Still, there were opportunities for discord that we just let
pass by.
Anglers and conservationists could easily have called for
more restrictions on the commercial fishery, so that there would be more
menhaden around for bluefish, striped bass and ospreys to eat, but we didn’t. ASMFC could increase New York’s commercial
quota tenfold or more, and menhaden would still abound. So no one picked a fight that didn't need to
happen.
Commercial fishermen could have insisted on a quota
rollovers, so that any part of their quota that they failed to catch this year,
they could legally catch in the next.
But they didn’t, saying that some years, the fish just don’t come in,
and that not rolling quota was good for the stock.

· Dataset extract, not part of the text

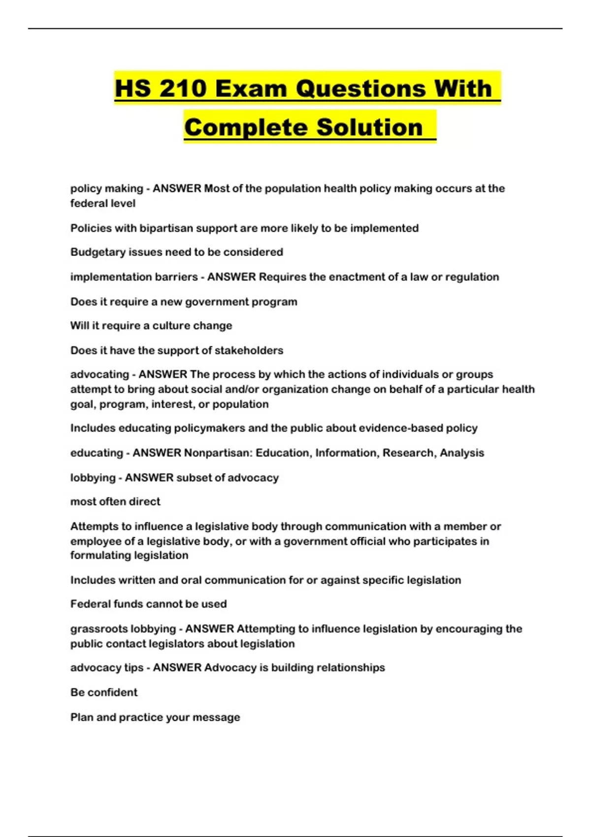 HS 210 Exam Questions With Complete Solution ...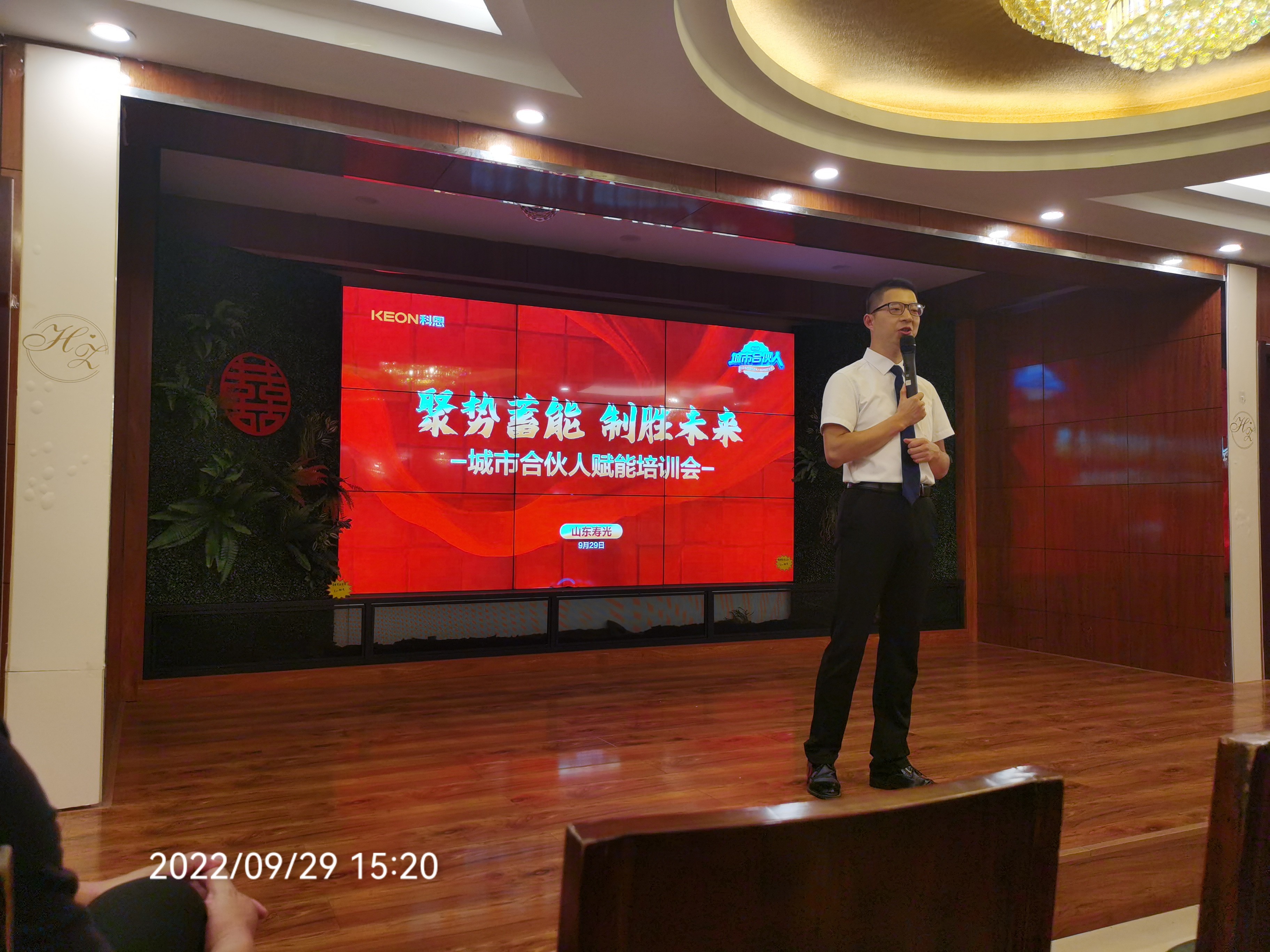 9月29日,科恩電器在山東壽光舉辦的“聚勢蓄能,致勝未來”城市合伙人培訓賦能會議取得圓滿成功!來自山東各地的百余名豪杰好漢齊集壽光,共同參與此次城市合伙人培訓賦能會議,山東省區(qū)域經理王鵬程致歡迎詞!

Some good things were going on, and I left the hearing feeling good, but in a
way that I never felt before.
Every time before, when I walked out of a hearing or
fisheries, if I felt good, it was the kind of good you feel after winning a
fight; you feel battered and tired and are maybe still mad, but you feel good
because you feel like you beat up the other guy and carried the day. And there were plenty of times when the other guy left with that
kind of feeling, and I left licking my wounds.
But the menhaden hearing was different. I felt good because, for the first time, we
were all on the same page, and it felt as if progress could be made because of
everyone else, and not despite them.
It was a very good feeling to have.
And I can’t help thinking that we can all work together on
other fisheries, too, to find answers that give everyone a piece of the win,
instead of creating losers and those who prevail.
On other species, it’s going to be a much harder slog, but
it’s not an impossible thing to attain.
Let’s start by admitting that we all want more fish.
Whether commercial or recreational fisherman,
light-tackle guide or party boat fisherman, we want to be able to catch, and in
many cases to keep, more fish than we can today.
So instead of concentrating on today, and who gets what
piece of a pretty small pie, why don’t we look ahead a few years, toward a time
when there can be enough fish for everyone (or, if not enough, then quite a few
more) and ask what must we do to get there?
Why can’t we agree to do what is needed to give everyone a slice of a
pie that is far larger than the one we’re devouring today?
Instead of jealously concentrating on each other, trying to
shift allocations to benefit ourselves, why don’t we concentrate on
the fish, and what needs to be done to bring them back to the sort
of abundance that can support healthy commercial and recreational fisheries?
It wouldn’t be easy, and there would be plenty of chances to
fail along the way.
Yet as I gird myself for 2017, and the Second Fluke Wars,
the inevitable bitter attacks on the Magnuson-Stevens Fishery Conservation andManagement Act and who knows what other threats to the health of our fish
stocks, I think back on the night of December 15 and the way fisheries meetings
could
be.
If we just cared enough about the fish to make it so.